_MATERIALS PROVIDED:_
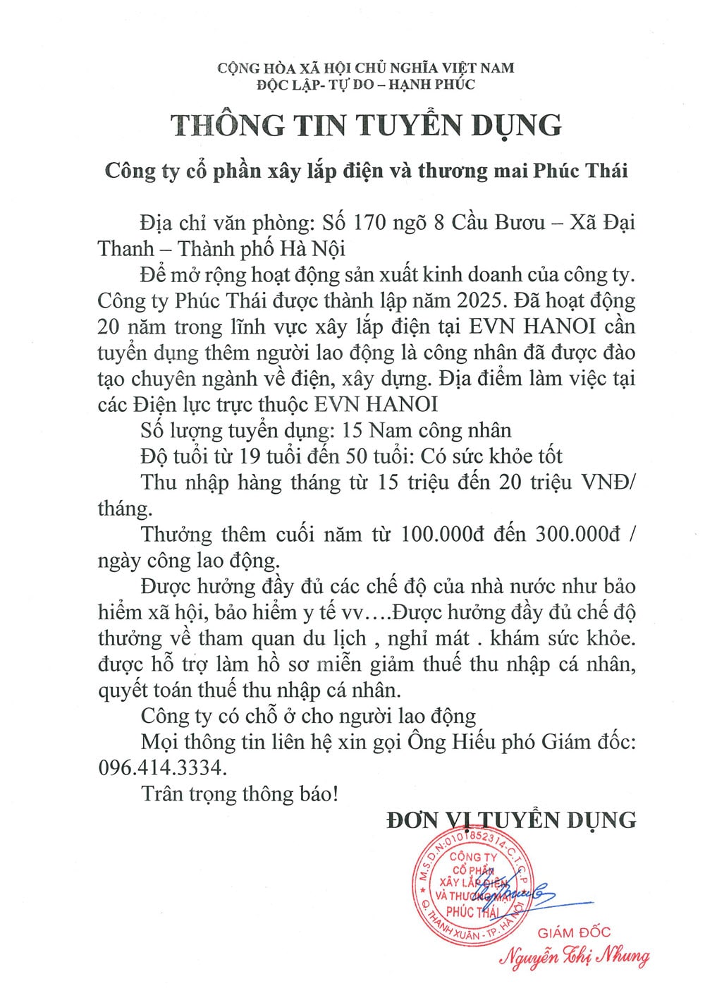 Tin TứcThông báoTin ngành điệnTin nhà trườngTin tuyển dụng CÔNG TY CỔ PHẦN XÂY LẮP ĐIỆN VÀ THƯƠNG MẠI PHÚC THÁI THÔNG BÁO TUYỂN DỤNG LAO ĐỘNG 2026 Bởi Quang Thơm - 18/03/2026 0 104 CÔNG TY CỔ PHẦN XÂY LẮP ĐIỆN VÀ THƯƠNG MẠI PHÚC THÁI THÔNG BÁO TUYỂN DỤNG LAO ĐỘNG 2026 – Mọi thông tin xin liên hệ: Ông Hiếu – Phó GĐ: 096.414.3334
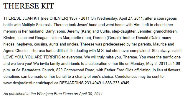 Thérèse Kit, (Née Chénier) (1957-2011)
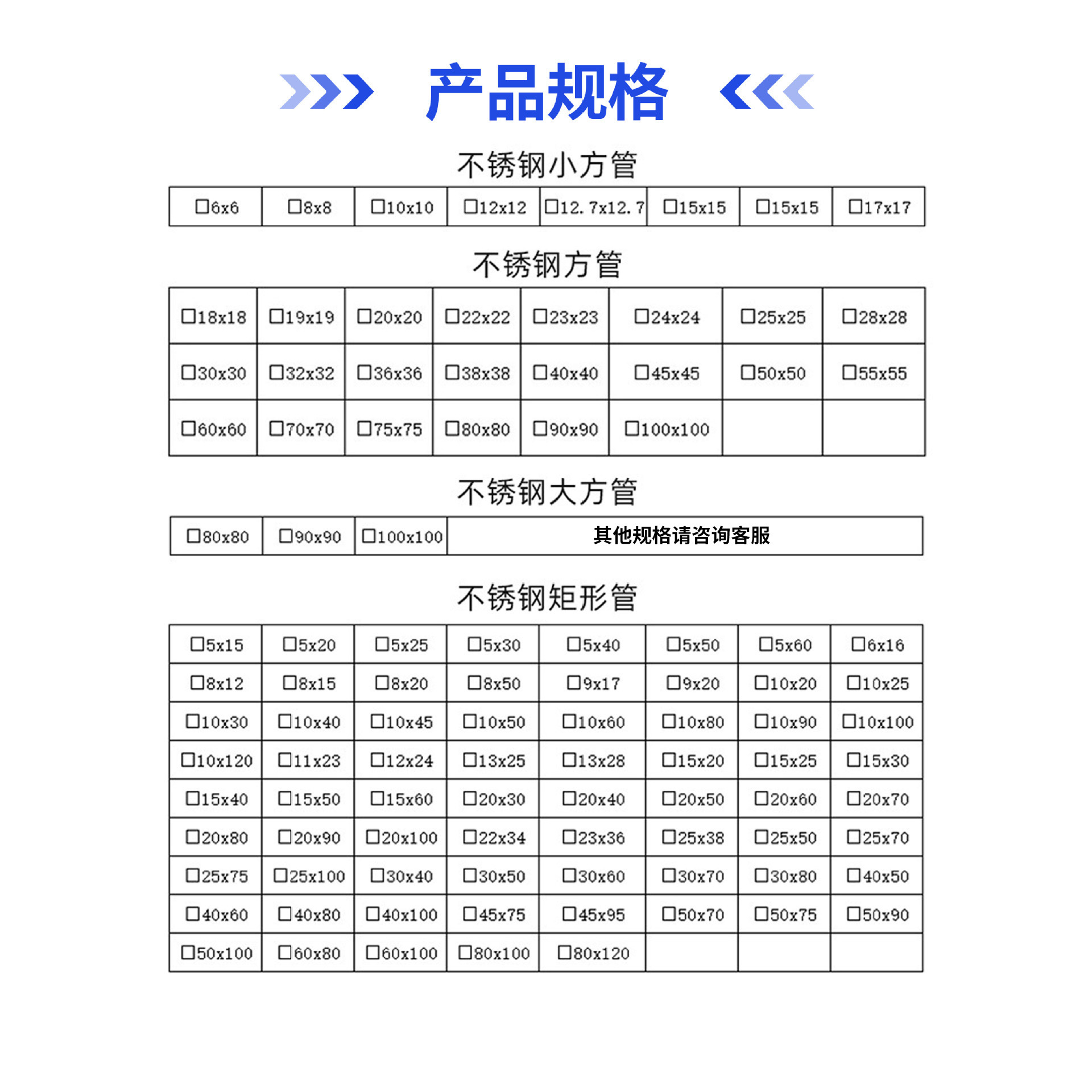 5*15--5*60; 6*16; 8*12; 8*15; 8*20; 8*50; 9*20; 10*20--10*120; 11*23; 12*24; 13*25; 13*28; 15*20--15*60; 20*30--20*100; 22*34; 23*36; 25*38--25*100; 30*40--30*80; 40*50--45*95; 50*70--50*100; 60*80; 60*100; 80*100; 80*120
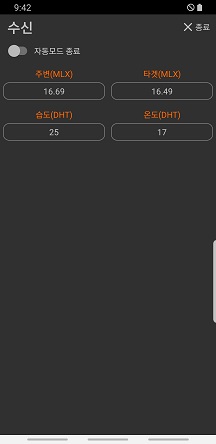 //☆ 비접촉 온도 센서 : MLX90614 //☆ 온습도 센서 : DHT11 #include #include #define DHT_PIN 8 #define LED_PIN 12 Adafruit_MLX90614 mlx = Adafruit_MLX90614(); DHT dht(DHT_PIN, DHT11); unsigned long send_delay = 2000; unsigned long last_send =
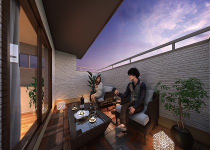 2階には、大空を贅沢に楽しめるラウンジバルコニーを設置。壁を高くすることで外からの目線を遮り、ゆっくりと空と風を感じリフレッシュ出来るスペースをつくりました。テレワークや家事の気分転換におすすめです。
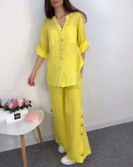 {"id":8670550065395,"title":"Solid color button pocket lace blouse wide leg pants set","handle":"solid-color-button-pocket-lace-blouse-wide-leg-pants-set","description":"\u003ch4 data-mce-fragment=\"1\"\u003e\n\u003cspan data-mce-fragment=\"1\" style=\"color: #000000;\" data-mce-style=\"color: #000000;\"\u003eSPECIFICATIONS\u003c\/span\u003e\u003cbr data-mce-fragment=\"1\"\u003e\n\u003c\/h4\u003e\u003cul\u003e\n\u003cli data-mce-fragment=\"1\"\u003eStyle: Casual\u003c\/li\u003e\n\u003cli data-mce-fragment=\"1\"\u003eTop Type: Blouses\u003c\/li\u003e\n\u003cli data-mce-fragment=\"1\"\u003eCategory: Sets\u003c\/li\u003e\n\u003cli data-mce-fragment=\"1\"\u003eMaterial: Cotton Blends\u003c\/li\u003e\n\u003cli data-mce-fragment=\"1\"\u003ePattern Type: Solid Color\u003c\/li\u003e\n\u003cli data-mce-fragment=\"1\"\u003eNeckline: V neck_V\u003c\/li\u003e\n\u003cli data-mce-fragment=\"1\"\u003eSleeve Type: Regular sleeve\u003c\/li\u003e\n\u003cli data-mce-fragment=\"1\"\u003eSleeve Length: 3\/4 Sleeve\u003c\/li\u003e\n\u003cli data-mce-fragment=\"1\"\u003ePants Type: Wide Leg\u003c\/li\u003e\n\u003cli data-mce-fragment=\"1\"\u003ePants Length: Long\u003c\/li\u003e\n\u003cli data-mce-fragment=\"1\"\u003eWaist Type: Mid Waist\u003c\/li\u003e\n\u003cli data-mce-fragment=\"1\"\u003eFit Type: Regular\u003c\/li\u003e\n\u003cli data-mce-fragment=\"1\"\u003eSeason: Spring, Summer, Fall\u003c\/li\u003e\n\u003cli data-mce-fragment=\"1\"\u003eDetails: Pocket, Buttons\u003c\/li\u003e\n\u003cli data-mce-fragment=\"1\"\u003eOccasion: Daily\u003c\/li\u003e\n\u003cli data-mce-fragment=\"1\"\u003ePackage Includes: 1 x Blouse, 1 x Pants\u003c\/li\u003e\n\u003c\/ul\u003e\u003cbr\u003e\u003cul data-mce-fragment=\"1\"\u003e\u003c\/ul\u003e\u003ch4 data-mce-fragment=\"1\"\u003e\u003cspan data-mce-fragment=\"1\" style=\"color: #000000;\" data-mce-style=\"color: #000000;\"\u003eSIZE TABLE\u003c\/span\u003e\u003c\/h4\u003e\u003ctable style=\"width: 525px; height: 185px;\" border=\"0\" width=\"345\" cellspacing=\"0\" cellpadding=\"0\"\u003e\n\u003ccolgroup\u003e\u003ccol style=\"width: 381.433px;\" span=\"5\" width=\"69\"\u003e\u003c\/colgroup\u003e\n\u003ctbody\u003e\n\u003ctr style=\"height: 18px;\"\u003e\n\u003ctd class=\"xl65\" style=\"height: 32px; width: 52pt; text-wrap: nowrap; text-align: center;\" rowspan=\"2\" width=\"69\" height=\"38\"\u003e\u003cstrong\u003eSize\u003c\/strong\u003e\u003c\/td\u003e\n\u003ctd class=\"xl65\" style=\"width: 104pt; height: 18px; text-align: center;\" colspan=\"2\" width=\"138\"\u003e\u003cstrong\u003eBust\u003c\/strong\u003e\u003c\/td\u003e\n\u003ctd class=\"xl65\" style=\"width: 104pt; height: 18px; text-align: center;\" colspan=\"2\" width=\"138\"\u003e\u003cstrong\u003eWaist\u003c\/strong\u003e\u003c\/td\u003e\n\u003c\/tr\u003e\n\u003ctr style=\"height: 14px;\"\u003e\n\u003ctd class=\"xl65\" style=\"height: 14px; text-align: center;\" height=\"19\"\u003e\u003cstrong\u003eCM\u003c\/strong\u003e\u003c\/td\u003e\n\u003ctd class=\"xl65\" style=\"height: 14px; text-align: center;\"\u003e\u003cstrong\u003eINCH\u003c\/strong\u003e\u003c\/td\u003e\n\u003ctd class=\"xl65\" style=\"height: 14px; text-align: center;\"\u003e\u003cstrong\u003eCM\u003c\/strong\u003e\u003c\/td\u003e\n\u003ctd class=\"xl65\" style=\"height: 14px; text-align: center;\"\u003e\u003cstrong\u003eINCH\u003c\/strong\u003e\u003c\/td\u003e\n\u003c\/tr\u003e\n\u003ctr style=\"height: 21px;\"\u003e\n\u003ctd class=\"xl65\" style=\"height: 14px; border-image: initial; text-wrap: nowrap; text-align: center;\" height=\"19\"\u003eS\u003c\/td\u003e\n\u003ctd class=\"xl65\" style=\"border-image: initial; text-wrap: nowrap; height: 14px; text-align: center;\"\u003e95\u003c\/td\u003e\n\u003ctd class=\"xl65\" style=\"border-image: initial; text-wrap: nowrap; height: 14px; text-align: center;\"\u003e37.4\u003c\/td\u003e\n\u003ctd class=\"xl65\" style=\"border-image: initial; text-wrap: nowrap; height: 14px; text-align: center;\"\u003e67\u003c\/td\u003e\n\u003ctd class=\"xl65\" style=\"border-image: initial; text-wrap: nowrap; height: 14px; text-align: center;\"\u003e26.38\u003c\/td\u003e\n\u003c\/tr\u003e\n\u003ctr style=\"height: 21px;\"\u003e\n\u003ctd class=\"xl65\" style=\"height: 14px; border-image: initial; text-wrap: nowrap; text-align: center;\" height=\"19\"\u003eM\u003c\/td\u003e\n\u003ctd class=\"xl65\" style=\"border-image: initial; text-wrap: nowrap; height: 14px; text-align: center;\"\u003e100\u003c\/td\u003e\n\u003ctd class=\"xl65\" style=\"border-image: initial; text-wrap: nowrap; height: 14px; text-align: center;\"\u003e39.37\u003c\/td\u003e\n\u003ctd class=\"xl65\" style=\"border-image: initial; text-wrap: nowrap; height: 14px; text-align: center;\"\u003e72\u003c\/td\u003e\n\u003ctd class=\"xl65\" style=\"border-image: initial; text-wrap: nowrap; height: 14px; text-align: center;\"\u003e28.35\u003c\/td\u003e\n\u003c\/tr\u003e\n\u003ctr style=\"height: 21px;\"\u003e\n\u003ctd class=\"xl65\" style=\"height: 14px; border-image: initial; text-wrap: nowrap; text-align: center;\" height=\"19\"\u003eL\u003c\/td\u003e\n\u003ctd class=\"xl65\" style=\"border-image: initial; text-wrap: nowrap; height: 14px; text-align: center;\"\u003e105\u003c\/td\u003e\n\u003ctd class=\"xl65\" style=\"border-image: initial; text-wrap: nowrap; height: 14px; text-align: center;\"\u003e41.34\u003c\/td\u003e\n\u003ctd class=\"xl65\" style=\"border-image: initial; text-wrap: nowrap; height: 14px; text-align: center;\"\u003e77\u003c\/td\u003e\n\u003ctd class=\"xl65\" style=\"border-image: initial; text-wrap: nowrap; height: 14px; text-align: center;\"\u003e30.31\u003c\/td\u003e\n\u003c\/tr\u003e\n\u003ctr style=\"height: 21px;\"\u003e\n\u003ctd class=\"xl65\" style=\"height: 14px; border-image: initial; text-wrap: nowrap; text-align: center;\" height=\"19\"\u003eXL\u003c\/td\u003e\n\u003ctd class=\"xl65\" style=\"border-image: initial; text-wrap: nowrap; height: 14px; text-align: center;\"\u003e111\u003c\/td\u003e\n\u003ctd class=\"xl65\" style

...

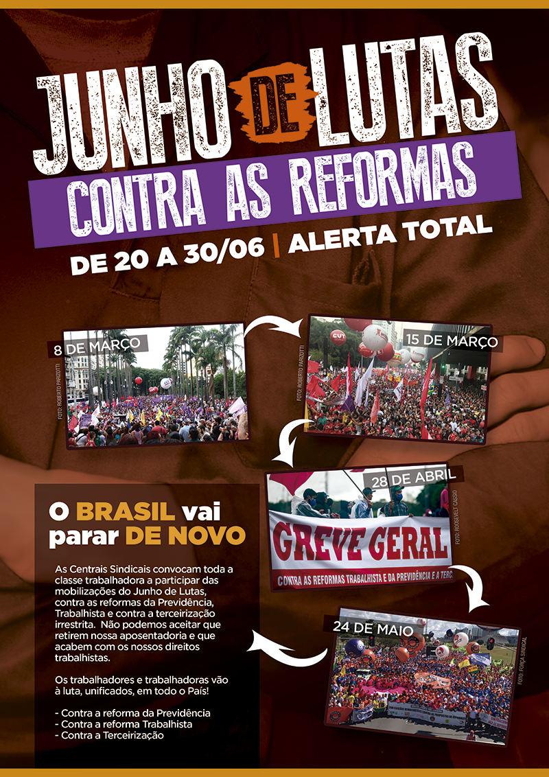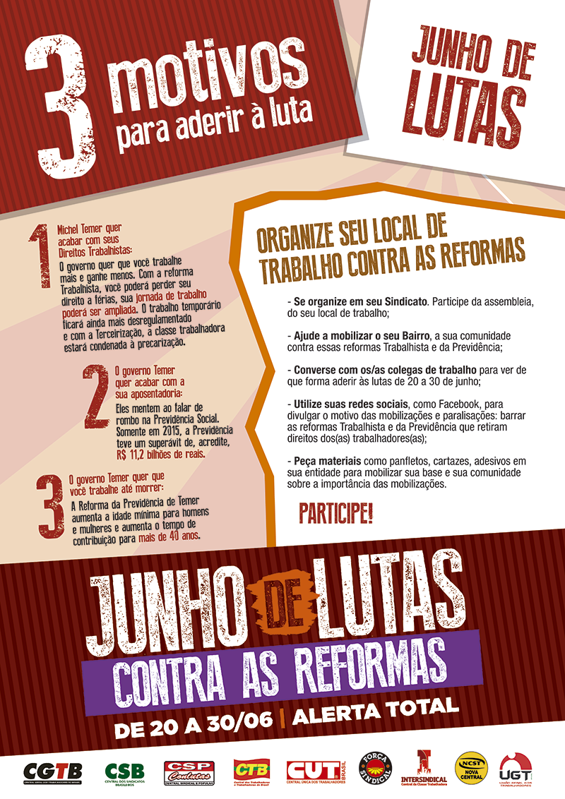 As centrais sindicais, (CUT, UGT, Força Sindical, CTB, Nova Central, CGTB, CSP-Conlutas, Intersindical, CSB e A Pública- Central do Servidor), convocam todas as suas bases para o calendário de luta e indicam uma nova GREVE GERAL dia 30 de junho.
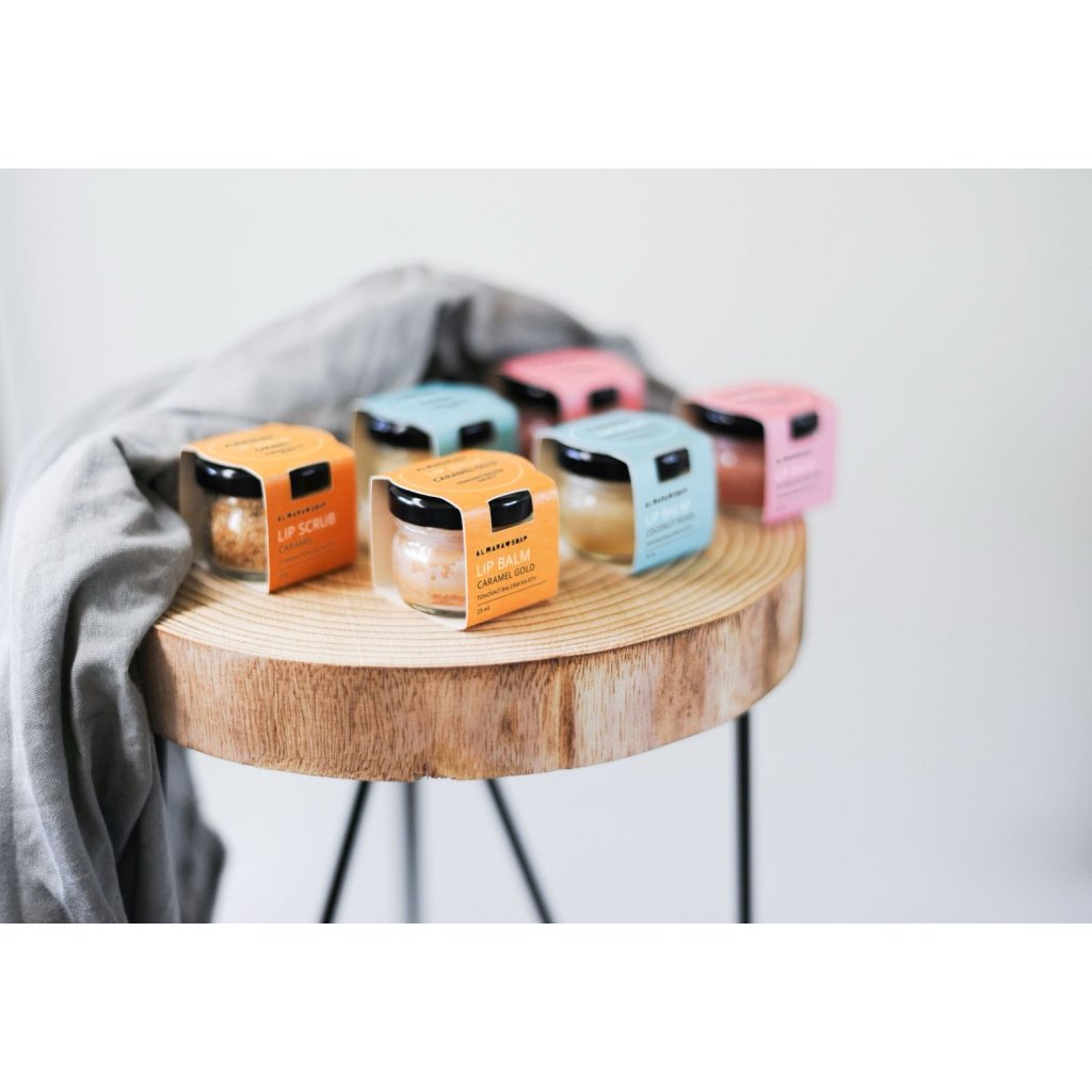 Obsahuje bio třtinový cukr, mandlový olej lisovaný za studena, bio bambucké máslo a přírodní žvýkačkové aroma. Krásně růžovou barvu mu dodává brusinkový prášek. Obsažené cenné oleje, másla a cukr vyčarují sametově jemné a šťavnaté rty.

_WORK REQUEST:_ Out of the records above, please copy exactly the lines from the line with "5*15--5*60; 6*16; 8*12;" up to and including the line with "센서 : MLX90614", minus the pictures.

_TASK SOLUTION:_
 5*15--5*60; 6*16; 8*12; 8*15; 8*20; 8*50; 9*20; 10*20--10*120; 11*23; 12*24; 13*25; 13*28; 15*20--15*60; 20*30--20*100; 22*34; 23*36; 25*38--25*100; 30*40--30*80; 40*50--45*95; 50*70--50*100; 60*80; 60*100; 80*100; 80*120
 //☆ 비접촉 온도 센서 : MLX90614 //☆ 온습도 센서 : DHT11 #include #include #define DHT_PIN 8 #define LED_PIN 12 Adafruit_MLX90614 mlx = Adafruit_MLX90614(); DHT dht(DHT_PIN, DHT11); unsigned long send_delay = 2000; unsigned long last_send =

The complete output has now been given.